On 14May2016 22:45, Robin Laing MeSat@TelusPlanet.net wrote:
On 14/05/16 21:55, cs@zip.com.au wrote:
However, there is a way out. Get your error message above into your terminal, specificly by running your command again to ensure it is exact. Then use cut/paste in your terminal to effect 4 mv commands. So, like this:
mv *.part01.rar '<paste-filename-1-from-the-error-message-here>'
so you're:
- using the shell to match the _current_ first file with *.part01.rar
- you are typing a single quote, then pasting the filename from the
error message, then another single quote
Provided the desired filenames' quote _is_ an apostrophe and not an ASCII single quote, you should be ok here. This is because your terminal has transcribed the error string from par2, and hopefully that will be usable.
This avoids figuring out how to type a weird filename.
[...]
Well done Cameron. Thank you. Moving the files did help. I don't know why I didn't try that before. With everything else going on today, it must of slipped my mind.
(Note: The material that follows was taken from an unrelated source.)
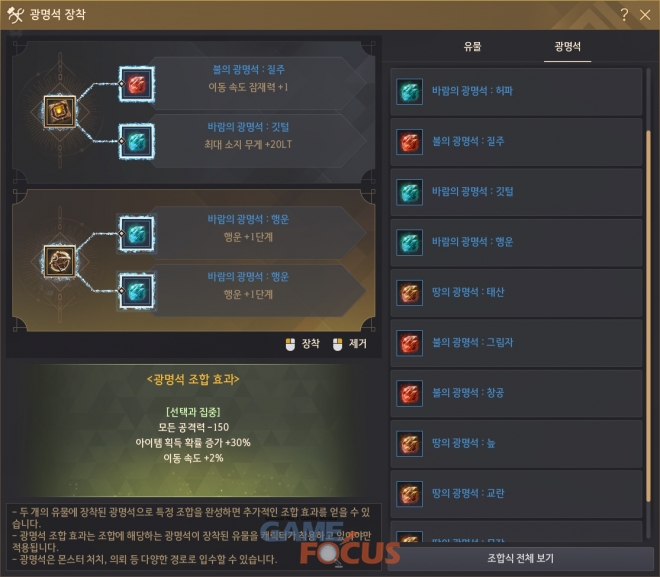 '유물'은 사냥터에서 획득 가능하며, '광명석'은 채집과 사냥을 통해 얻은 '광명석 원석'을 연금술로 연성해 만들 수 있다. 현재 가능한 100여 개의 조합식에 특정 기술 쿨타임 감소, 밤 시간대 공격력 상승 등 독특한 효과도 추가할 계획이다.

I started going in circles. I know I tried to move the files late last night but not with the paste like you suggested.
The advantage of the paste is that par2 has recited the filenames for you to your terminal, so cut/paste gets to pick them up again verbatim in whatever encoding is in play.
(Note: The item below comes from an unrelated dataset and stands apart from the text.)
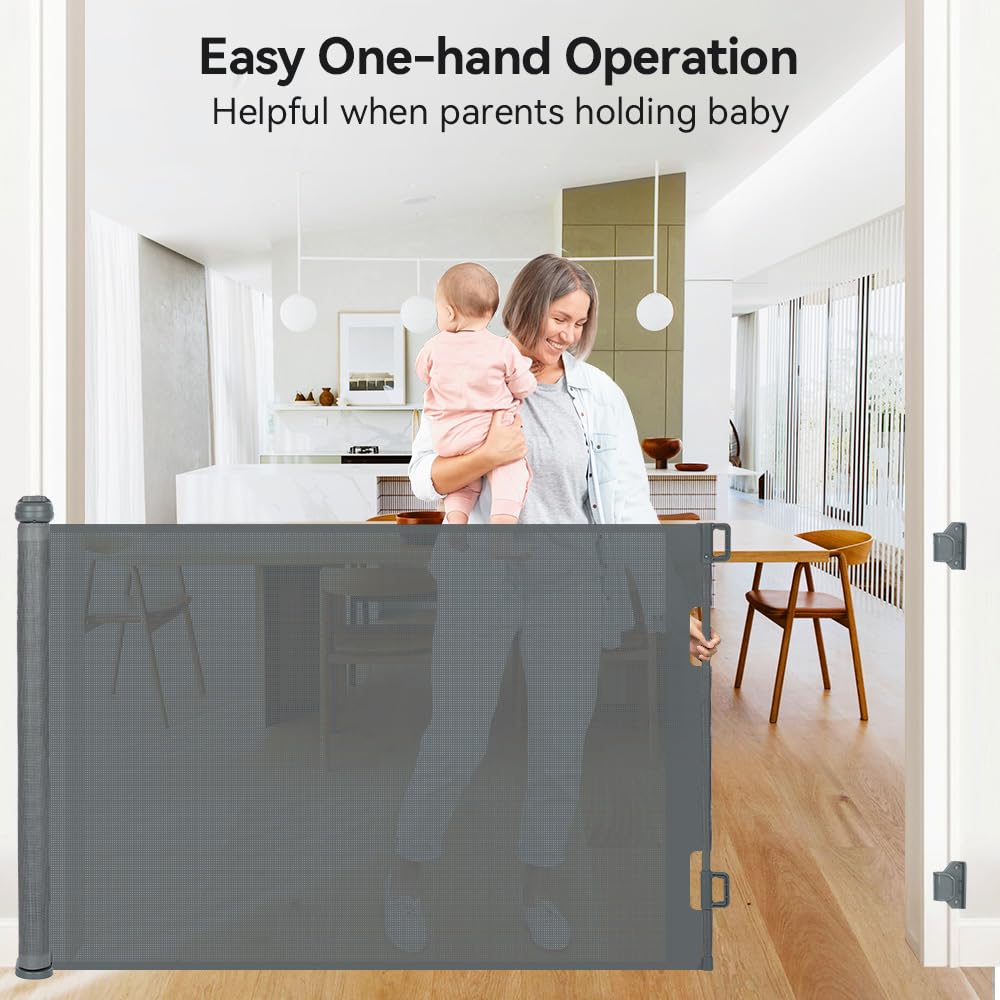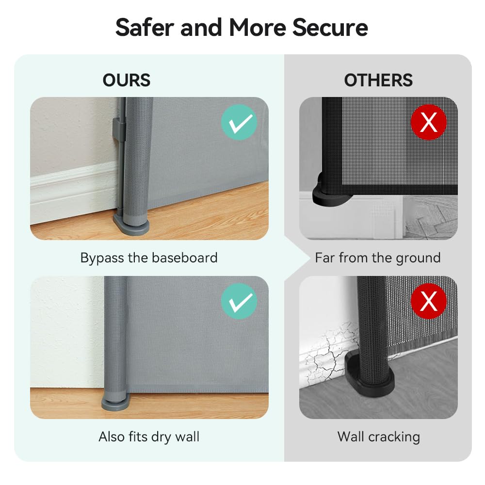 • Secure&Sturdy Baby Gate: No need to worry about sneaky escapes with this safety gate! Its improved design includes 3 floor hooks for solid anchoring. Plus, a rotating knob tightens the mesh door net, preventing sagging and effectively confining young children or pets. Made from high-quality, sturdy mesh, the baby gates extra wide resists warping and wrinkling

BTW, with the locale the utf-8 bit is what matters for this: it dictates how character codepoints are encoded when written to your terminal and, for locale aware apps, how they are encoded when filename bytes are generated. It also ditates how things like "ls" decode those bytes and decide what is printable or otherwise.
The .en-ca stuff is for higher level conventions like language, regional dictionaries, currency symbols, number separators and so forth.
This will go in my notes for future reference if it happens again.
It is funny that the par2 program had no problem seeing the repair volume files with the glyph but couldn't see the rar files with the glyph.
Is it possible you handed par2 the names of the repair files on the command line, but that par2 was getting the rar filenames from the metadata?